Game scene generation has always been a major challenge in the field of game development. How to break through the limitations of existing scenarios and create a more diverse and innovative game world is a direction that developers continue to explore. Recently, the University of Hong Kong and Kuaishou Technology collaborated to develop an innovative framework called GameFactory, which provides a new idea to solve this problem. This framework utilizes advanced video diffusion model technology, combined with a unique three-stage training strategy, to generate new and diverse game scenes, significantly improving the efficiency and creativity of game video generation.
In the field of game development, the diversity and innovation of scenarios have always been a difficult problem. Recently, the University of Hong Kong and Kuaishou Technology jointly developed an innovative framework called GameFactory, aiming to solve the problem of scene generalization in game video generation. This framework leverages pre-trained video diffusion models that can be trained on open-domain video data to generate new and diverse game scenarios.

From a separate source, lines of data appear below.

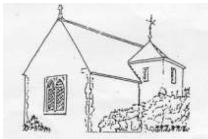
All Saints, Old Byland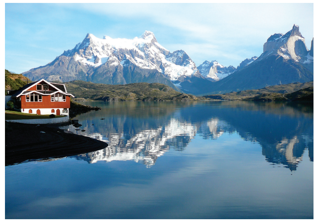
We see snowcapped mountain peaks, cascading rivers and waterfalls, glaciers, and mirrored lakes.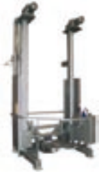
Bowl lifting and lowering with chains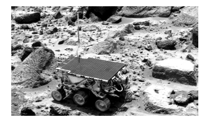
Sojourner, the Mars rover, near the Rock Garden on Mars.

reforms came in 1997 when Pathfinder reached Mars and its tiny Sojourner robot separated to inch along the surface. The mission cost a fraction of the expense of previous Mars probes.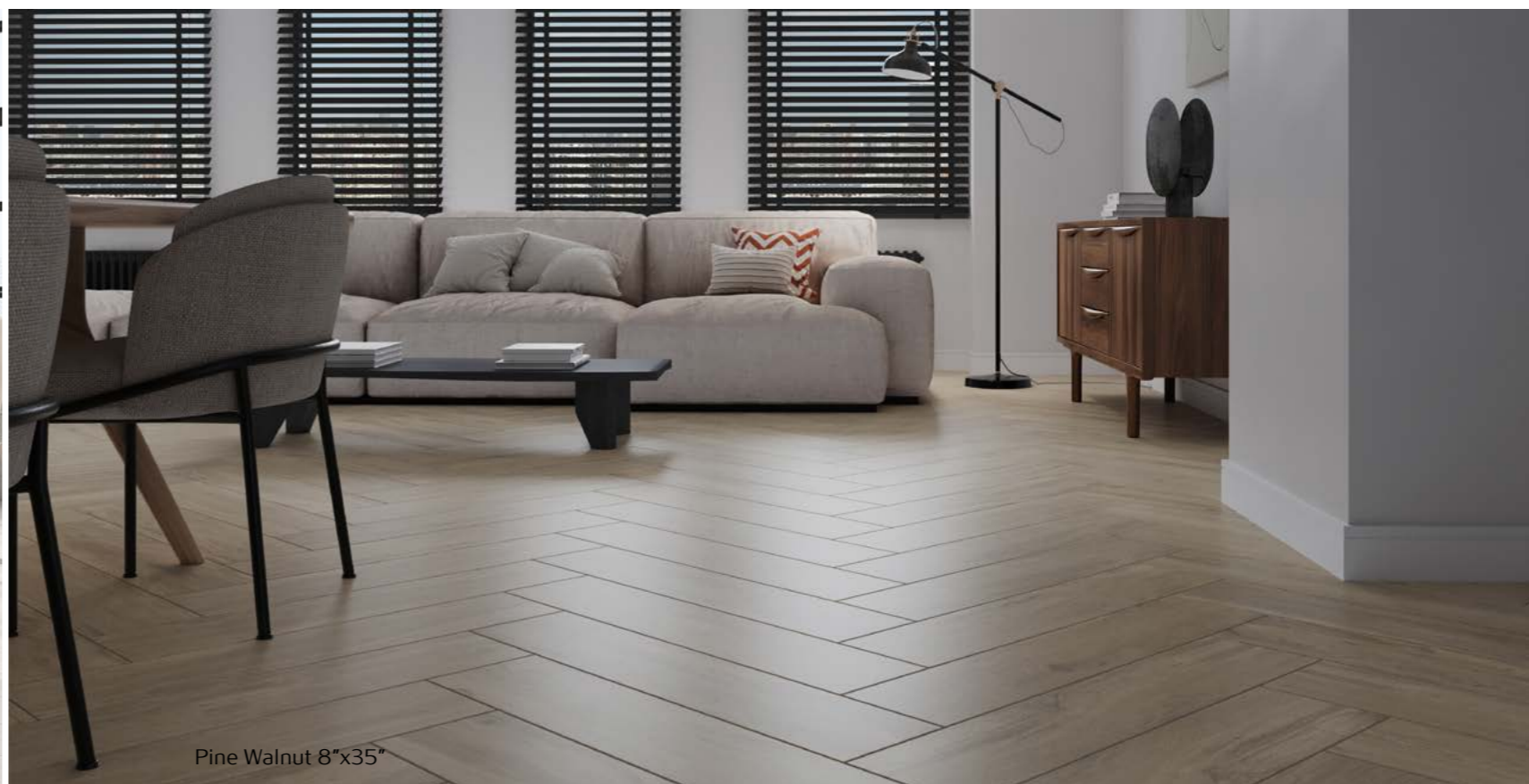
Pine Walnut 8"x35"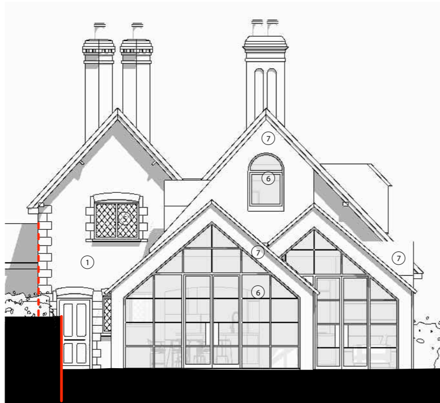
South Elevation (C-C)

As an advanced generation technology, video diffusion model has shown great potential in the fields of video generation and physical simulation in recent years. These models can respond to user input, such as keyboard and mouse, just like video generation tools, and then generate corresponding game scenes. However, scene generalization, which refers to the ability to create entirely new game scenarios beyond existing ones, remains a significant challenge in this area. Although collecting a large amount of action-annotated video data sets is a direct way to solve this problem, this method is time-consuming and labor-intensive, especially impractical in open-domain scenarios.
The GameFactory framework was launched to solve this problem. Through pre-trained video diffusion models, GameFactory is able to avoid over-reliance on specific game datasets and support the generation of diverse game scenarios. In addition, to bridge the gap between open domain prior knowledge and limited game data sets, GameFactory also adopts a unique three-stage training strategy.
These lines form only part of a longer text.